Nun sind wir aber gespannt auf das schönste Dorf der Lofoten, den wundervollsten Blick und das beste Fotomotiv ever und überhaupt! Dafür muss man nämlich nicht auf den Reinebringen, das gibt es vom Parkplatz vor der Brücke! Und so sieht das dann aus:
Vom Ort selbst sind wir aber enttäuscht: Hoffentlich ist das nicht das schönste Fischerdorf der Lofoten! Die Rorbuer (Fischerhütten) am Kai sind ganz nett, aber die gibt es wie Sand am Meer.
Ansonsten ist das ein ganz normaler Ort mit Geschäften, Muckibude, Tourismusangeboten (Kajak, Angeln, Speedboot …). Mitten drin ist die große Fischfabrik. Immer wenn die Tür aufgeht, kommt ein Schwall raus und in Reine riecht es wie auf dem Fischmarkt.
Und sie geht auf, denn hier wird gearbeitet! Davon können wir uns überzeugen, als wir im Gammelbua nebenan ein Bierchen trinken. Und wir kriegen auch bald raus, was die da in die Fabrik gabelstaplern:
Fischköpfe! Getrocknete Kabeljauköpfe. Die werden abgetrennt, wenn der Kabeljau (oder Dorsch) zu Stockfisch verarbeitet wird, separat aufgehängt und – man glaubt es kaum – nach Afrika verkauft. Die Einkäufer aus Nigeria kommen jedes Jahr im Frühling hierher, inspizieren die Ware und ordern riesige Mengen. Die kommen in die dortige Fischsuppe. Unglaublich, aber wahr!
Und noch ein Sidefact: Den Dorschköppen fehlt die Zunge!
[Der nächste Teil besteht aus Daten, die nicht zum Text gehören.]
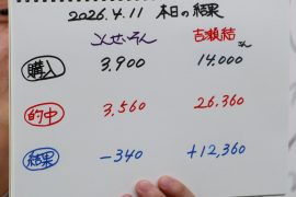 前回は2勝(幻の1勝『おかみ酒』カウント含分む)。収支は書面上ではプラスです!今日は実質プラスで!

Die gilt als Delikatesse und wird vorher rausgeschnitten. Das machen traditionell Kinder ab 6 Jahren – auch heute noch – und bessern damit ihr Taschengeld auf. Wer Dorschzunge mal probieren möchte, hier ein Rezept. Ich lass das mal lieber sein.
Auf unserem abschließenden Weg zum Leuchtturm (der ist übrigens ebenfalls keine Schönheit) finden wir sie dann: An den großen Holzgestellen die allüberall hier rumstehen (die meisten aber leer) hängen sie ab, die Dorschhäupter!
Die meisten sind wie gesagt schon in Nigeria und den Rest karren die Norweger hier in die Fischfabriken. Was da wohl draus wird – ich will’s gar nicht wissen 🤢.